Он был всегда веселый и черный и все время говорил «люблю» белыми зубами. Лублу, вот так говорил Жак. И приносил букеты, почему-то из сухих цветов, в Таллине продавали и такие. Жак приносил их и говорил — все равно засохнут.

Эстонские коллеги уходили в подсобку и шептались — к Алле опять Жак пришел. Они тактичные были, тут же уходили, бросали меня на произвол Жака и его букетов.

Жак учился в мореходке, на восьмое марта приносил мне уже несколько сухих букетов, а не один, и опять говорил — все равно засохнут. Пусть лучше сразу.

Букеты долго стояли дома в разных маленьких вазочках, потому что были маленькие. Но однажды Жак не пришел и не поздравил.

Эстонские коллеги обвинили его в коварстве, а меня в жестокосердии, потому что он так старался и столько сухих букетов принес, я же не отвечала на его порывы, а только смеялась по ту сторону стойки, а Жак смеялся вообще всегда. Веселый такой, черный абсолютно Жак. Взял и не пришел однажды. И никогда больше не сказал — все равно засохнут.

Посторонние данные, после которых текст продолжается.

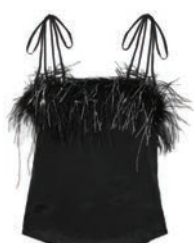
ALICE MCCALL TOP, $456, NET-A-PORTER.COM
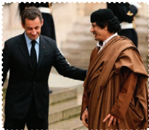
قذافی و سارکوزی رئیس جمهور پیشین فرانسه

به رغم داشتن شالوده‌های اولیه اسلامی، دارای نوعی ایدئولوژی سیاسی سکولار مبتنی بر پان‌عریسم بود. سرهنگ معمر قذافی دیکتاتور لیبی، اسلام را ابزاری برای اجرای منویات خود می‌دانست. با بالا گرفتن قیام مردم لیبی، قذافی در نخستین واکنش، قیام‌کنندگان را مشتی جوان وابسته به القاعده و مصرف‌کنندگان فرصت‌های روان‌گردان توصیف کرد. با ورود ناتو در مسئله لیبی کفه قدرت به نفع مخالفان قذافی سنگینی کرد. سرانجام پس از ماه‌ها درگیری نظامی با سقوط طرابلس، حکومت قذافی سرنگون و خود او کشته شد. نکته جالب در مورد قذافی این است که وضعیت او بیش از هر دیکتاتوری به صدام شبیه بود.

Наверное, устал любить в одну сторону и ушел в другую, в море, наверное, ушел и вздыхал там на волнах морских.

А я сегодня вздыхаю на этих же прекрасных, как сон, волнах… Моей памяти.


БАРРАКУДА


Мне только что приснилось слово барракуда, и я проснулась и сразу вспомнила одну замечательную историю про жену-барракуду.

Когда у меня вышла первая книжка «Фимочка и Дюрер», четыре года назад, я была еще совсем юным прыщавым писателем, поэтому глазам и ушам своим не верила, когда хвалили.

И тогда один хороший, очень даже, поэт мне написал — ты если не веришь своим ушам, то там у вас в Петербурге сходи к одному, тоже хорошему поэту и подари ему книжку. И она ему понравится, а он всех знает, бывалый литератор, и он тебя за руку поведет в мир славы, и все твои юные писательские прыщи в твои сто сорок лет отпадут мигом.

Вперед, одним словом. Не дрейфь.

И я задрейфовала в сторону хорошего поэта, который всех знает и член союзов.

Писатель мне понравился, мы пили шампанское и смеялись. На прощанье он дал мне свой мэйл и телефон и сказал — ну, если ЭН тебя похвалил, то я ему верю. То и мне понравится, а значит всем, кого я знаю из маститых членов.

Союз меня совсем не интересовал, в связи с хронической социопатией, но мнение было интересно.

И вот я в назначенный день пишу хорошему и славному поэту, с которым шампанское пили, на его мэйл, а в ответ тишина.

Тогда я думаю, мало ли. Занят, творит. И пишу снова.

Опять тишина.

Начинаю думать, что книжка моя говно и прыщи мои юные писательские только укрепятся и никогда не отпадут.

Но делаю третью попытку-не пытку и...

Приходит вожделенный ответ. И там написано — он не твой, поняла?!

Я перечитываю раз восемь это и смотрю на адрес отправителя. Все верно.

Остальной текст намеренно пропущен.